Showing 4 changed files with 60 additions and 7 deletions.
diff --git a/tests/integration_tests.py b/tests/integration_tests.py
@@ -408,6 +408,16 @@ def build_test_list():
             "test_generate",
             ngpu=2,
         ),
+        OverrideDefinitions(
+            [
+                [
+                    "--training.fsdp_reshard_after_forward always",
+                ],
+            ],
+            "Test always resharding after forward pass",
+            "fsdp_reshard_always",
+            ngpu=2,
+        ),
     ]
     return integration_tests_flavors
 

diff --git a/torchtitan/config_manager.py b/torchtitan/config_manager.py
@@ -285,6 +285,23 @@ def __init__(self):
             action="store_true",
             help="Whether to apply loss parallel when sequence parallel is enabled",
         )
+        self.parser.add_argument(
+            "--training.fsdp_reshard_after_forward",
+            type=str,
+            default="default",
+            choices=["default", "always", "never"],
+            help="""
+            `reshard_after_forward` specifies the policy for applying `reshard_after_forward`
+            within an FSDP setup. `reshard_after_forward` controls parameter behavior after forward,
+            trading off memory and communication. See torch's `fully_shard` API for more documentation
+            on `reshard_after_forward`.
+            The supported policies include "default", "always" and "never":
+            - "default" applies default resharding behavior, implementing "smart defaults" for known optimal
+              scenarios.
+            - "always" will enable `reshard_after_forward` for all forward passes.
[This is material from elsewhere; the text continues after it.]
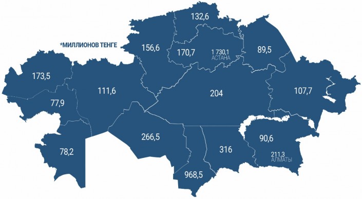 По состоянию на 1 июля 2017 года, на оплату арендуемых помещений и зданий у физических и негосударственных юридических лиц для государственного аппарата из местного бюджета уже перечислено  2 309 830 100 тенге.

+            - "never" will disable `reshard_after_forward` for all forward passes.
+            """,
+        )
         self.parser.add_argument(
             "--experimental.enable_async_tensor_parallel",
             action="store_true",

diff --git a/torchtitan/parallelisms/parallelize_llama.py b/torchtitan/parallelisms/parallelize_llama.py
@@ -86,6 +86,7 @@ def parallelize_llama(
             reduce_dtype=TORCH_DTYPE_MAP[job_config.training.mixed_precision_reduce],
             pp_enabled=parallel_dims.pp_enabled,
             cpu_offload=job_config.training.enable_cpu_offload,
+            reshard_after_forward_policy=job_config.training.fsdp_reshard_after_forward,
         )
 
         if parallel_dims.dp_replicate_enabled:
@@ -308,24 +309,48 @@ def apply_fsdp(
     reduce_dtype: torch.dtype,
     pp_enabled: bool,
     cpu_offload: bool = False,
+    reshard_after_forward_policy: str = "default",
 ):
     """
-    Apply data parallelism to the model. FSDP2 is used here.
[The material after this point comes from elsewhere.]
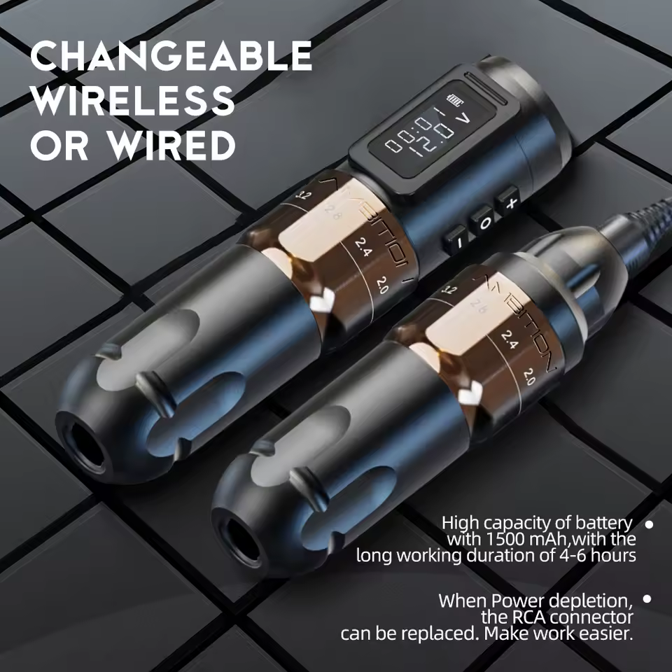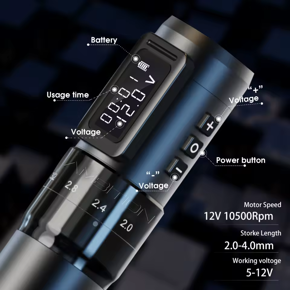 Kõrgetasemeline juhtmevaba tätoveerimispulk reguleeritava käiguga (2–4 mm) ja võimsa 1800 mAh harjadeta mootoriga. Loodud professionaalsetele tätoveerijatele, kes hindavad mitmekülgsust, täpsust ja liikuvust.

+    Apply data parallelism (via FSDP2) to the model.
+
+    Args:
+        model (nn.Module): The model to apply data parallelism to.
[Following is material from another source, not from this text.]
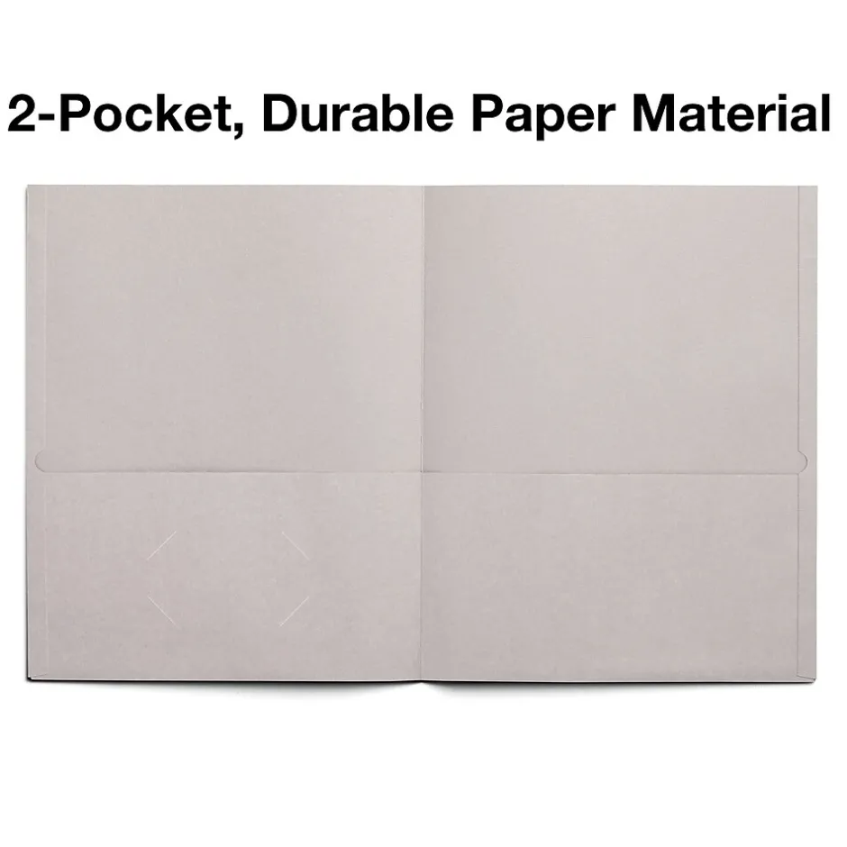 - Presentation folder in gray color made of sturdy paper stock resists tearing

+        dp_mesh (DeviceMesh): The device mesh to use for data parallelism.
+        param_dtype (torch.dtype): The data type to use for model parameters.
+        reduce_dtype (torch.dtype): The data type to use for reduction operations.
+        pp_enabled (bool): Whether pipeline parallelism is enabled.
+        cpu_offload (bool, optional): Whether to offload model parameters to CPU. Defaults to False.
+        reshard_after_forward_policy (str, optional): The policy to use for resharding after forward pass. Defaults to "default".
+            Other options: "never", "always".
+            - "default" applies default resharding behavior, implementing "smart defaults" for known optimal scenarios.
+            - "always" will enable `reshard_after_forward` for all forward passes.
+            - "never" will disable `reshard_after_forward` for all forward passes.
+
     """
     mp_policy = MixedPrecisionPolicy(param_dtype=param_dtype, reduce_dtype=reduce_dtype)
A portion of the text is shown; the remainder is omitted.